# LDA Classifier for MNIST data

## Preliminaries

### Imports

In [1]:
import os
import pickle 

import numpy as np
import matplotlib.pyplot as plt

from sklearn.discriminant_analysis import LinearDiscriminantAnalysis,QuadraticDiscriminantAnalysis

%matplotlib inline
import gzip

import sys
sys.path.append("../..")
from E4525_ML import mnist
from E4525_ML import plots

### Data

In [2]:
data_dir=r"../../raw/MNIST/"

In [3]:
model_dir=f"../../data/models"

In [4]:
    images_filename=data_dir+"train-images-idx3-ubyte.gz"
    labels_filename=data_dir+"train-labels-idx1-ubyte.gz"

    test_images_filename=data_dir+"t10k-images-idx3-ubyte.gz"
    test_labels_filename=data_dir+"t10k-labels-idx1-ubyte.gz"

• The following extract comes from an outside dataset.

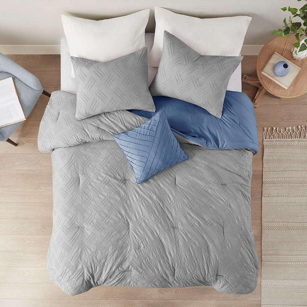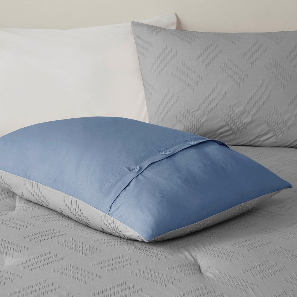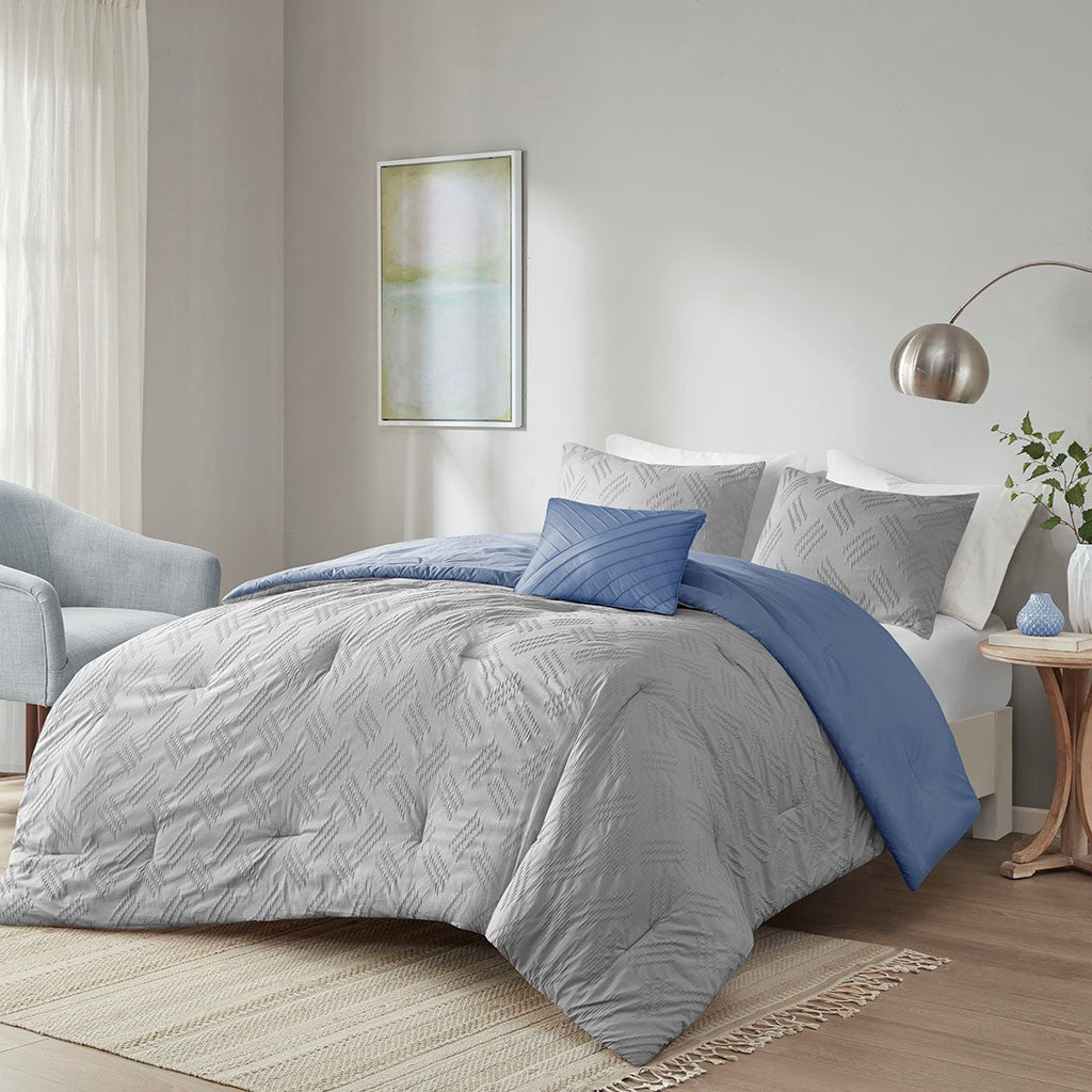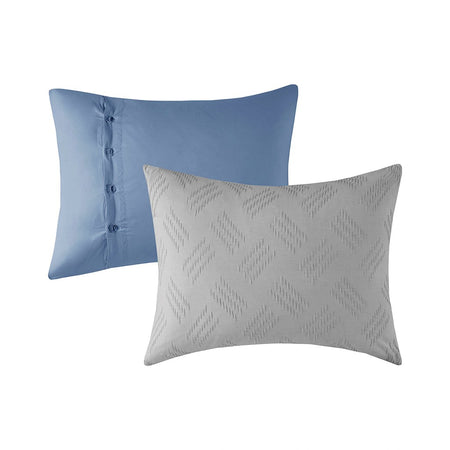 Find refreshing comfort with the unique charm of the Madison Park Perth 4 Piece Organic Cotton Comforter Set. This blue GOTS certified organic cotton comforter features a textured pattern to create a contemporary casual look. The 2 matching shams also showcase yarn dyed stripes to complement the comforter, while a decorative pillow completes this casual bedding set. An antimicrobial treatment prevents bacteria buildup for odor control, keeping the fabric fresher, longer. This modern bedding set is also OEKO-TEX certified, meaning it does not contain any harmful substances or chemicals to ensure quality comfort and wellness.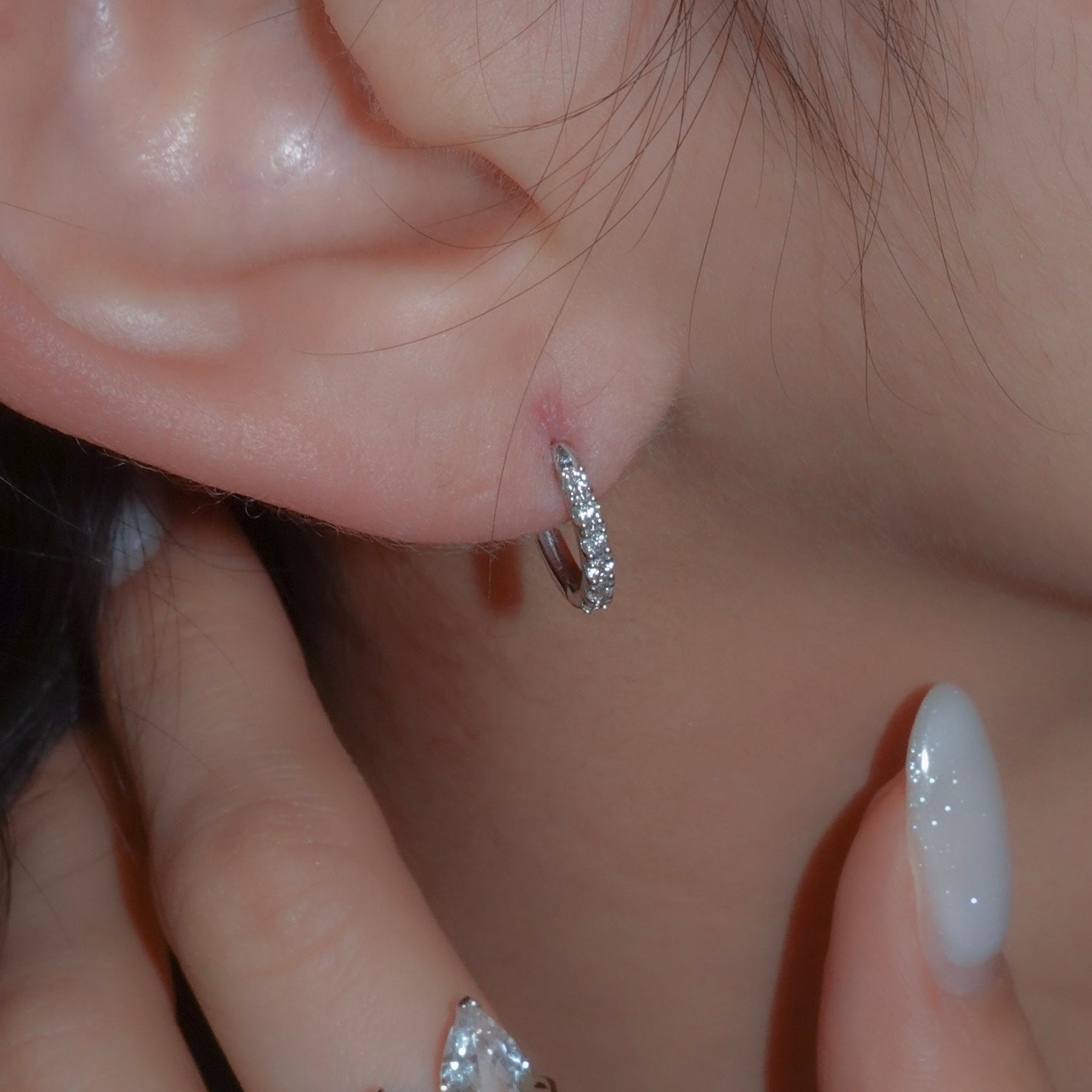 シンプルなダイヤフープピアス。表面は緩やかに丸みを持たせ、優しい印象に。

    images=mnist.read_images(images_filename)
    labels=mnist.read_labels(labels_filename)
    
    test_images=mnist.read_images(test_images_filename)
    test_labels=mnist.read_labels(test_labels_filename)
    
    print(images.shape,labels.shape)

(60000, 28, 28) (60000,)


In [5]:
nimages=images.shape[0]
nrows=images.shape[1]
ncols=images.shape[2]
print(nimages,nrows,ncols)

60000 28 28


## LDA Classifier

In [6]:
K=10
D=28*28
print("N",nimages)
print("K",K)
print("D",D)

N 60000
K 10
D 784


The number of parameters to fit is
1. $\pi$: $K-1$
2. $\mu$: $K\times D$
3. $\Lambda$: $D\times \frac{D+1}{2}$


In [7]:
print("params {0:,}".format(K-1+K*D+D*(D+1)//2))

params 315,569


In [8]:
model=LinearDiscriminantAnalysis()

In [9]:
model.fit(images.reshape(nimages,-1),labels)
Y_pred=model.predict(images.reshape(nimages,-1))
"Training accuracy",np.mean(Y_pred==labels)



('Training accuracy', 0.8714833333333334)

In [10]:
Y_pred=model.predict(test_images.reshape((len(test_images),-1)))
"Test Accuracy",np.mean(Y_pred==test_labels)


('Test Accuracy', 0.873)

## QDA Classifier

The number of parameters to fit is
1. $\pi$: $K-1$
2. $\mu$: $K\times D$
3. $\Lambda$: $K\times D\times \frac{D+1}{2}$

In [11]:
print("params {0:,}".format(K-1+K*D+K*D*(D+1)//2))

params 3,085,049


In [12]:
model=QuadraticDiscriminantAnalysis()

In [13]:
model.fit(images.reshape(nimages,-1),labels)
Y_pred=model.predict(images.reshape(nimages,-1))
"Training accuracy",np.mean(Y_pred==labels)



('Training accuracy', 0.57045)

In [14]:
Y_pred=model.predict(test_images.reshape((len(test_images),-1)))
"Test Accuracy",np.mean(Y_pred==test_labels)


('Test Accuracy', 0.5395)

### Save Model

In [15]:
model_filename=model_dir+"/MNIST_LDA.p"
file=open(model_filename,"wb")
pickle.dump(model,file)